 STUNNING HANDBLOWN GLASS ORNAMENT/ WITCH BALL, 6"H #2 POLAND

· · · · ·

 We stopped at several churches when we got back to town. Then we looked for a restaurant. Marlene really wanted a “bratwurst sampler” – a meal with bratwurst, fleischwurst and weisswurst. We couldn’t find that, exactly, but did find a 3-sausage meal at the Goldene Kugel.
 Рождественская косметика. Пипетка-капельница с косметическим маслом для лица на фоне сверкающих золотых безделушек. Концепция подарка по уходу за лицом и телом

· · · · ·

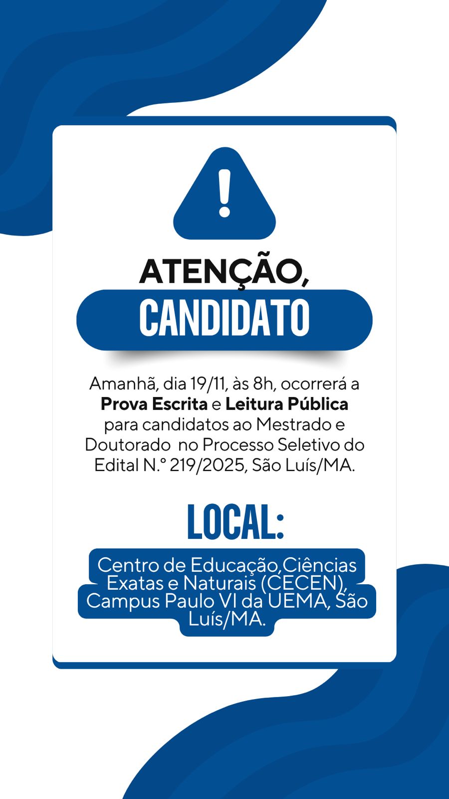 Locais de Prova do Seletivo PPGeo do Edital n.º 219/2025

· · · · ·

→ WORK TO COMPLETE:
Your task is to restate, word for word, only those lines above that fall between the line holding "We stopped at" and the line holding "Рождественская косметика. Пипетка-капельница", inclusive.

→ RESPONSE TO THE TASK:
 We stopped at several churches when we got back to town. Then we looked for a restaurant. Marlene really wanted a “bratwurst sampler” – a meal with bratwurst, fleischwurst and weisswurst. We couldn’t find that, exactly, but did find a 3-sausage meal at the Goldene Kugel.
 Рождественская косметика. Пипетка-капельница с косметическим маслом для лица на фоне сверкающих золотых безделушек. Концепция подарка по уходу за лицом и телом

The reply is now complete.